DATA:
----------------

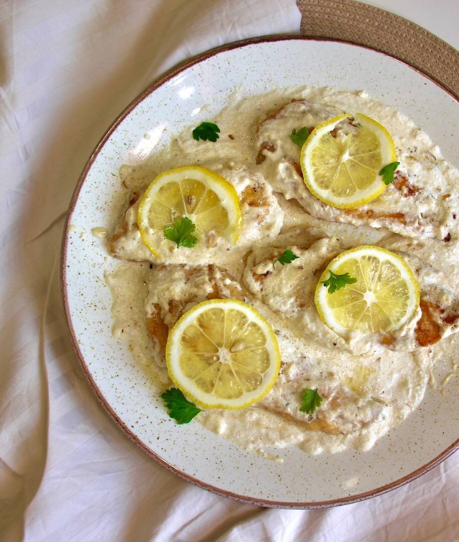Универсальное блюдо, которое можно подать с любым гарниром #рецептдня Ингредиенты: Филе куриной грудки , Мука , Пряные травы , Чеснок , Сыр , Сливки 10 % , Растительное масло для обжарки , Соль , Мускатный орех , Лимон, зелень по желанию для подачи Способ приготовления: Филе грудки нарезать вдоль и слегка отбить. Смешайте муку, соль и пряные травы. Обвалять филе в муке и слегка обжарить на разогретом масле до румяной корочки с обоих сторон. Таким образом обжарить все филе и отложить. Нарезать чеснок, обжарить в течение минуты. Затем, добавить сливки, натёртый сыр, прогреть помешивая до однородной консистенции, положить щепотку мускатного ореха. Выложить ранее обжаренное куриное филе в сливочно сырную массу, аккуратно перемешав прогреть 3 мин. Подавать, посыпав зеленью и по желанию дольками лимона.
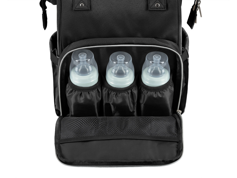 Stylový přebalovací batoh umožňuje přehledné uložení všeho potřebného na procházky a výlety s vaším dítětem. Klipy umožňují zavěšení na madla kočárku. Uvnitř batohu najdete množství kapes a přihrádek i voděodolnou kapsu pro uložení vlhkých předmětů. Široký způsob otevírání batohu usnadňuje orientaci v uloženém obsahu. Na vnější straně najdete kapsy s uzavíráním na zip i kapsu pro uložení láhve. Termoizolační kapsy na láhve pomáhají udržet nápoje či mléko delší dobu v optimální teplotě. Součástí batohu je i přebalovací podložka. Batoh je možné zavěsit na kočárek, nosit na zádech i v ruce. Složení: 100% polyester Rozměry: 44,5 x 35,5 x 47 cm
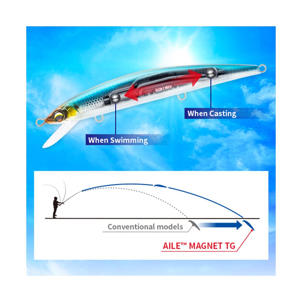 Το Aile Magnet TG Minnow Slim είναι ένα κορυφαίο τεχνητό που συνδυάζει υψηλή τεχνολογία, ρεαλιστική δράση και αξιοπιστία, σχεδιασμένο για απαιτητικούς ψαράδες που θέλουν μέγιστη απόδοση σε κάθε εξόρμηση. Mε μήκος 145 mm και βάρος 30 gr που εξασφαλίζουν μεγάλη βολή και ακρίβεια σε κάθε ρίψη, ενώ το καινοτόμο Magnet TG system μεταφέρει το βάρος εσωτερικά, προσφέροντας σταθερότητα κατά τη ρίψη, ιδανική πλεύση και φυσικό wobble‑and‑roll action, που προσελκύει τα πιο καχύποπτα αρπακτικά ψάρια, μιμούμενο με ακρίβεια τη φυσική κίνηση των μικρών δολωμάτων στο νερό. Το λεπτό και flat σώμα του δολώματος είναι σχεδιασμένο για ρεαλιστική εμφάνιση και έντονη δράση, ενώ η ανθεκτική κατασκευή με through‑wire body και υψηλής ποιότητας αγκίστρια εγγυάται ασφάλεια ακόμα και με μεγάλα και δυνατά θηράματα. Διατίθεται σε ποικιλία χρωμάτων που προσαρμόζονται σε κάθε συνθήκη φωτισμού και νερού, ενώ η ελαφριά και ευέλικτη σχεδίασή του εξασφαλίζει άριστο χειρισμό, φυσική κίνηση και μέγιστη αποτελεσματικότητα, καθιστώντας το ένα απαραίτητο τεχνητό για ψαράδες που επιδιώκουν αξιοπιστία και μοναδική απόδοση σε κάθε ψάρεμα.

----------------

ASSIGNMENT: Repeat the lines above precisely and skip every picture.

SOLVED PROBLEM:
Универсальное блюдо, которое можно подать с любым гарниром #рецептдня Ингредиенты: Филе куриной грудки , Мука , Пряные травы , Чеснок , Сыр , Сливки 10 % , Растительное масло для обжарки , Соль , Мускатный орех , Лимон, зелень по желанию для подачи Способ приготовления: Филе грудки нарезать вдоль и слегка отбить. Смешайте муку, соль и пряные травы. Обвалять филе в муке и слегка обжарить на разогретом масле до румяной корочки с обоих сторон. Таким образом обжарить все филе и отложить. Нарезать чеснок, обжарить в течение минуты. Затем, добавить сливки, натёртый сыр, прогреть помешивая до однородной консистенции, положить щепотку мускатного ореха. Выложить ранее обжаренное куриное филе в сливочно сырную массу, аккуратно перемешав прогреть 3 мин. Подавать, посыпав зеленью и по желанию дольками лимона.
 Stylový přebalovací batoh umožňuje přehledné uložení všeho potřebného na procházky a výlety s vaším dítětem. Klipy umožňují zavěšení na madla kočárku. Uvnitř batohu najdete množství kapes a přihrádek i voděodolnou kapsu pro uložení vlhkých předmětů. Široký způsob otevírání batohu usnadňuje orientaci v uloženém obsahu. Na vnější straně najdete kapsy s uzavíráním na zip i kapsu pro uložení láhve. Termoizolační kapsy na láhve pomáhají udržet nápoje či mléko delší dobu v optimální teplotě. Součástí batohu je i přebalovací podložka. Batoh je možné zavěsit na kočárek, nosit na zádech i v ruce. Složení: 100% polyester Rozměry: 44,5 x 35,5 x 47 cm
 Το Aile Magnet TG Minnow Slim είναι ένα κορυφαίο τεχνητό που συνδυάζει υψηλή τεχνολογία, ρεαλιστική δράση και αξιοπιστία, σχεδιασμένο για απαιτητικούς ψαράδες που θέλουν μέγιστη απόδοση σε κάθε εξόρμηση. Mε μήκος 145 mm και βάρος 30 gr που εξασφαλίζουν μεγάλη βολή και ακρίβεια σε κάθε ρίψη, ενώ το καινοτόμο Magnet TG system μεταφέρει το βάρος εσωτερικά, προσφέροντας σταθερότητα κατά τη ρίψη, ιδανική πλεύση και φυσικό wobble‑and‑roll action, που προσελκύει τα πιο καχύποπτα αρπακτικά ψάρια, μιμούμενο με ακρίβεια τη φυσική κίνηση των μικρών δολωμάτων στο νερό. Το λεπτό και flat σώμα του δολώματος είναι σχεδιασμένο για ρεαλιστική εμφάνιση και έντονη δράση, ενώ η ανθεκτική κατασκευή με through‑wire body και υψηλής ποιότητας αγκίστρια εγγυάται ασφάλεια ακόμα και με μεγάλα και δυνατά θηράματα. Διατίθεται σε ποικιλία χρωμάτων που προσαρμόζονται σε κάθε συνθήκη φωτισμού και νερού, ενώ η ελαφριά και ευέλικτη σχεδίασή του εξασφαλίζει άριστο χειρισμό, φυσική κίνηση και μέγιστη αποτελεσματικότητα, καθιστώντας το ένα απαραίτητο τεχνητό για ψαράδες που επιδιώκουν αξιοπιστία και μοναδική απόδοση σε κάθε ψάρεμα.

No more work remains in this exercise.